Welp. After running some simulations using some Ikea Dioders I have, I realize that I actually dislike the idea of there being lights inside the wineador. I'm going to disable the lighting completely.


----------



## elricfate (Mar 2, 2013)

So couple of things to note. I've been running my wineador simply on the internal fan and it has uniformly stuck between 66 and 67% RH between the top and the bottom. It appears as though it's stable and uniform. This goes against everything I've heard about using a separate fan to push the air around and reminds me that not all situations are the same (although I did hook up a 12v wall wart plug to a 12v squirrel cage CPU fan so if I want to add a fan in there I just need to find a timer for it). 

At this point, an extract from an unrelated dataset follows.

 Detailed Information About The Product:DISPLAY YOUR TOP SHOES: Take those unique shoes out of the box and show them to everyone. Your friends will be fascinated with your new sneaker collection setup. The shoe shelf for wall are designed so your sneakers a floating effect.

Another thing to note is that I believe that I need another one. This one has 332 cigars in it so far (I took an inventory yesterday, by hand until I can get the Cigar Dossier database updated and running properly), it's not FULL, but it's getting close. Maybe in another 100-150 cigars I will have to start really fighting for room in it. If I find a deal on another thermo-wine cooler, I'm grabbing it and sitting on it until I've decided what to do. Maybe I'll put another wineador out in the garage, where I spend most of my time smoking my stogies and working on projects anyhow.


----------



## ejewell (Feb 19, 2013)

elricfate said:


> Welp. After running some simulations using some Ikea Dioders I have, I realize that I actually dislike the idea of there being lights inside the wineador. I'm going to disable the lighting completely.


idk which are the dioders, but I use Ikea lights in both of mine. They don't stay on constantly but from time to time I run em. why don't you like em?


----------



## elricfate (Mar 2, 2013)

ejewell said:


> idk which are the dioders, but I use Ikea lights in both of mine. They don't stay on constantly but from time to time I run em. why don't you like em?

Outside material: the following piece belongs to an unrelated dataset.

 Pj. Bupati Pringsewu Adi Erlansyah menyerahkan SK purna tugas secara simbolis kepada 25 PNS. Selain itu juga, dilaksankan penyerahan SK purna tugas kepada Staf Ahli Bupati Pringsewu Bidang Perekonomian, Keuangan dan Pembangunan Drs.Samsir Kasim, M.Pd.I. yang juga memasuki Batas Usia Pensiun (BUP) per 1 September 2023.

DIODER LED 4-piece light strip set - IKEA

Those are the Dioders. I have a set from years back that I was testing with for funsies. I looked at the wineador after I had removed its lighting module (so I could run the fan without having the internal light on) and found that it's well lit in the ambient lighting in my workroom. When I put the dioders in different places (I placed them on the door facing each other and only providing ambient glow into the wineador, facing directly into the wineador, and on the top of the wineador..) I found that I didn't really like the effect.

When I put them on the door facing each other so they backlit the glass, I found it hard to see the drawer faces clearly, and damn it I paid for cherry drawer faces so I could see them.

When I put them on the door facing the inside of the wineador, they washed out the cherry's grain and put big white spots in certain spots which looked amateur.

When I put them on the top facing down, they just lit up the top shelf and glared off a box of RyJ Coronas I'm storing on the shelf.

I originally liked the idea of lighting in the drawers but then it occurred to me when you open the drawers, you get ambient light as it is. And I'm never working in that room without the overhead light being on anyways.

So I just decided not to even bother.


----------



## ejewell (Feb 19, 2013)

yeah. you really don't need lighting I've noticed. plus lighting is not so good for the sticks. 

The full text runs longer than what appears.